=== WHAT THE TASK REQUIRES ===
For this exercise, retype all the data exactly and exclude every image.

=== DATASET CONTENT ===
▬▬▬▬▬▬
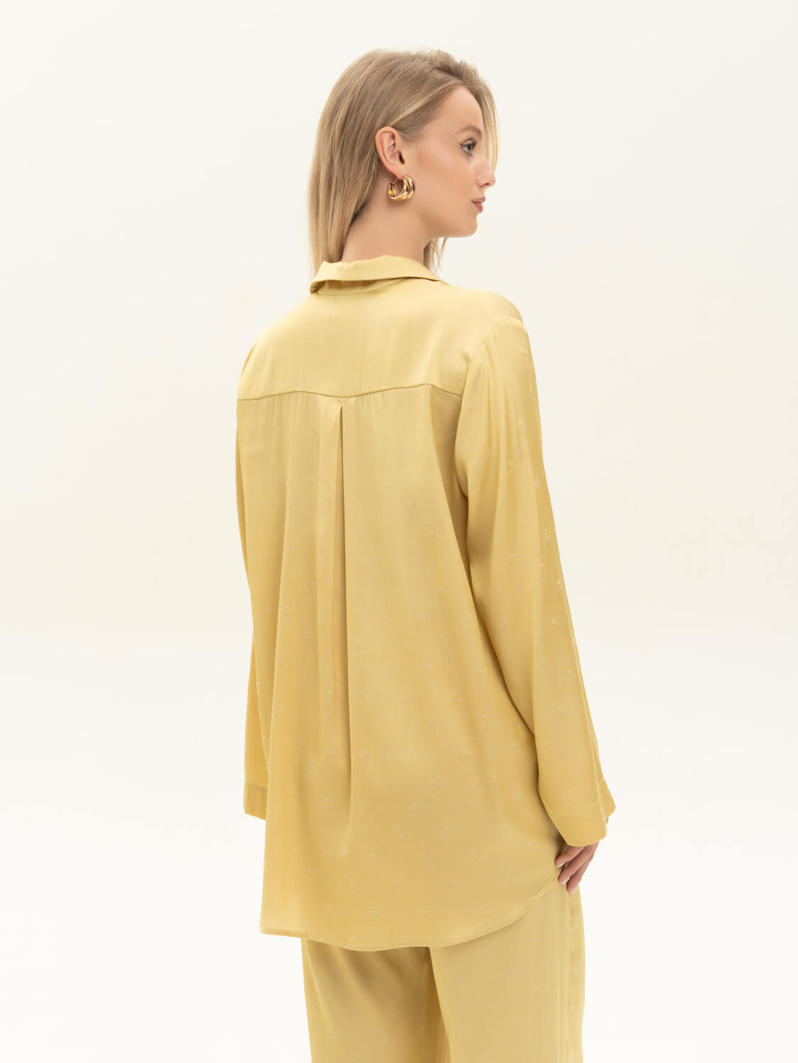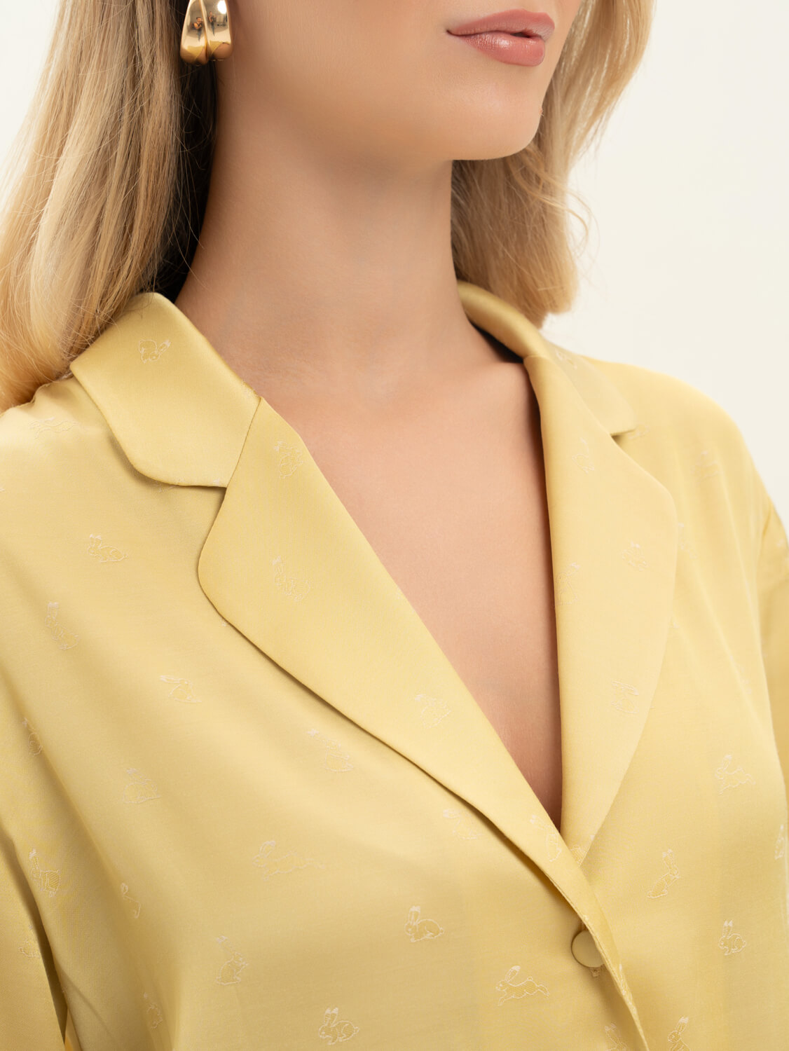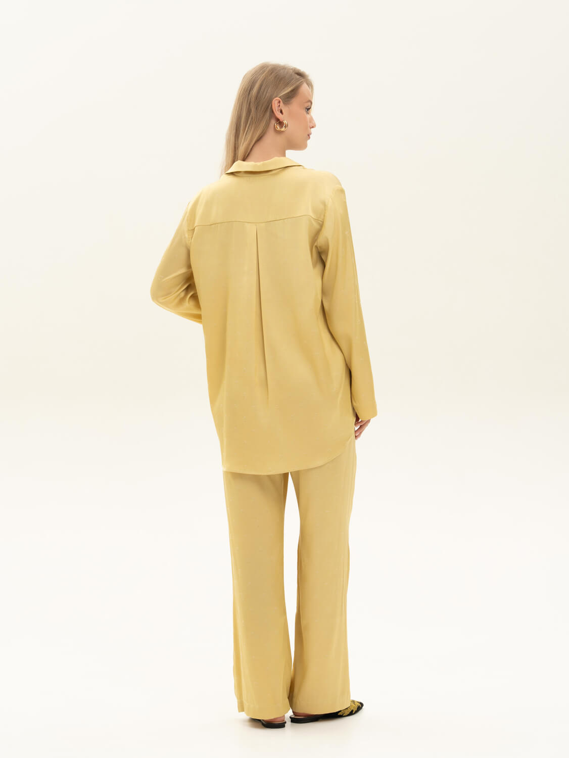 Комплект из жаккардовой вискозы с мелким принтом "Зайки'' на теплом оттенке ванили . Ткань имеет удивительную нежную нестандартную фактуру. Невероятно струящаяся вискоза с благородным переливом, которая не электризуется . Легкая, хорошо драпируется, дышит. Рубашка свободного кроя на пуговицах обтянутых тканью. Брюки прямого кроя с поясом и комфортной резинкой. Сделано в России. Параметры модели: рост 175, 88-60-90
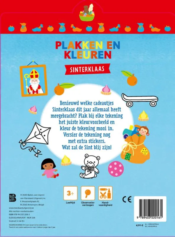 Benieuwd welke cadeautjes Sinterklaas dit jaar allemaal heeft meegebracht? Plak bij elke tekening het juiste kleurvoorbeeld en kleur de tekening mooi in. Versier de tekening nog met extra stickers. Wat zal de Sint blij zijn!
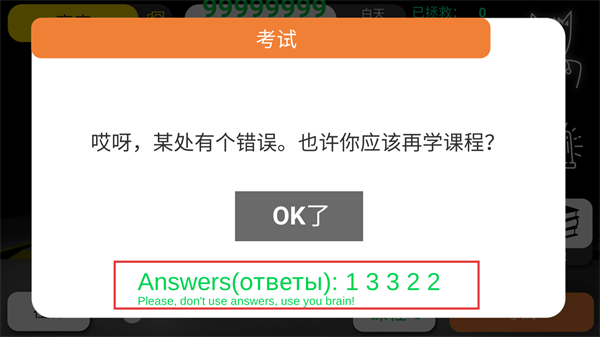 3、若答题错误会弹出提示界面,点击OK了关闭提示,可选择再学课程后重新参与考试。
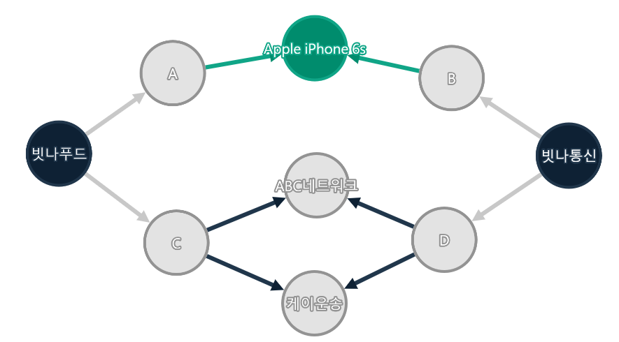 금융사기로 적발된 계좌 ‘A’는 법인 ‘빗나푸드’를 통해 생성되었으며, ‘빗나푸드’를 통해 생성된 계좌들은 대포통장인 것은 쉽게 알 수 있다. 이에, ‘빗나푸드’에서 생성된 대포통장을 기준으로 대포통장 간의 의심 거래처를 공유하는 패턴을 찾아볼 것이다.
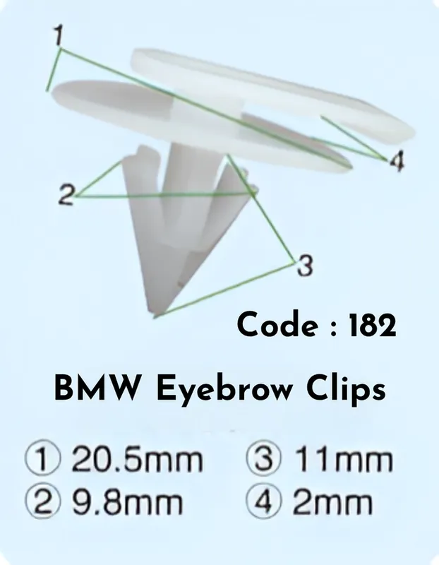 Precision-engineered eyebrow clips designed specifically for BMW vehicles. This comprehensive 10-piece set ensures you have replacements on hand for routine maintenance or repairs. Each clip features robust construction to securely hold components in place during assembly and disassembly. Compatible across multiple BMW models, these clips deliver reliable performance and durability. Ideal for both professional technicians and DIY enthusiasts who demand quality fastening solutions. Stock your workshop with this essential set today.
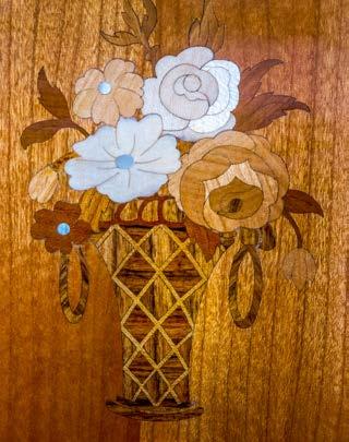 Verwendete Holzarten: Rosen- und Veilchenholz, Palisander, Buchsbaum, Birne, Pflaume, Buche, Nussbaum, Kirschbaum und Mahagoni.
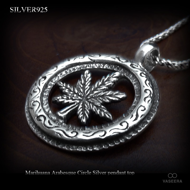透かし彫りマリファナ アラベスク(唐草)サークル シルバー ペンダント トップ 【シルバー925/SILVER925 /ペンダント...
▬▬▬▬▬▬
=== FINISHED TASK ===
 Комплект из жаккардовой вискозы с мелким принтом "Зайки'' на теплом оттенке ванили . Ткань имеет удивительную нежную нестандартную фактуру. Невероятно струящаяся вискоза с благородным переливом, которая не электризуется . Легкая, хорошо драпируется, дышит. Рубашка свободного кроя на пуговицах обтянутых тканью. Брюки прямого кроя с поясом и комфортной резинкой. Сделано в России. Параметры модели: рост 175, 88-60-90
 Benieuwd welke cadeautjes Sinterklaas dit jaar allemaal heeft meegebracht? Plak bij elke tekening het juiste kleurvoorbeeld en kleur de tekening mooi in. Versier de tekening nog met extra stickers. Wat zal de Sint blij zijn!
 3、若答题错误会弹出提示界面,点击OK了关闭提示,可选择再学课程后重新参与考试。
 금융사기로 적발된 계좌 ‘A’는 법인 ‘빗나푸드’를 통해 생성되었으며, ‘빗나푸드’를 통해 생성된 계좌들은 대포통장인 것은 쉽게 알 수 있다. 이에, ‘빗나푸드’에서 생성된 대포통장을 기준으로 대포통장 간의 의심 거래처를 공유하는 패턴을 찾아볼 것이다.
 Precision-engineered eyebrow clips designed specifically for BMW vehicles. This comprehensive 10-piece set ensures you have replacements on hand for routine maintenance or repairs. Each clip features robust construction to securely hold components in place during assembly and disassembly. Compatible across multiple BMW models, these clips deliver reliable performance and durability. Ideal for both professional technicians and DIY enthusiasts who demand quality fastening solutions. Stock your workshop with this essential set today.
 Verwendete Holzarten: Rosen- und Veilchenholz, Palisander, Buchsbaum, Birne, Pflaume, Buche, Nussbaum, Kirschbaum und Mahagoni.
透かし彫りマリファナ アラベスク(唐草)サークル シルバー ペンダント トップ 【シルバー925/SILVER925 /ペンダント...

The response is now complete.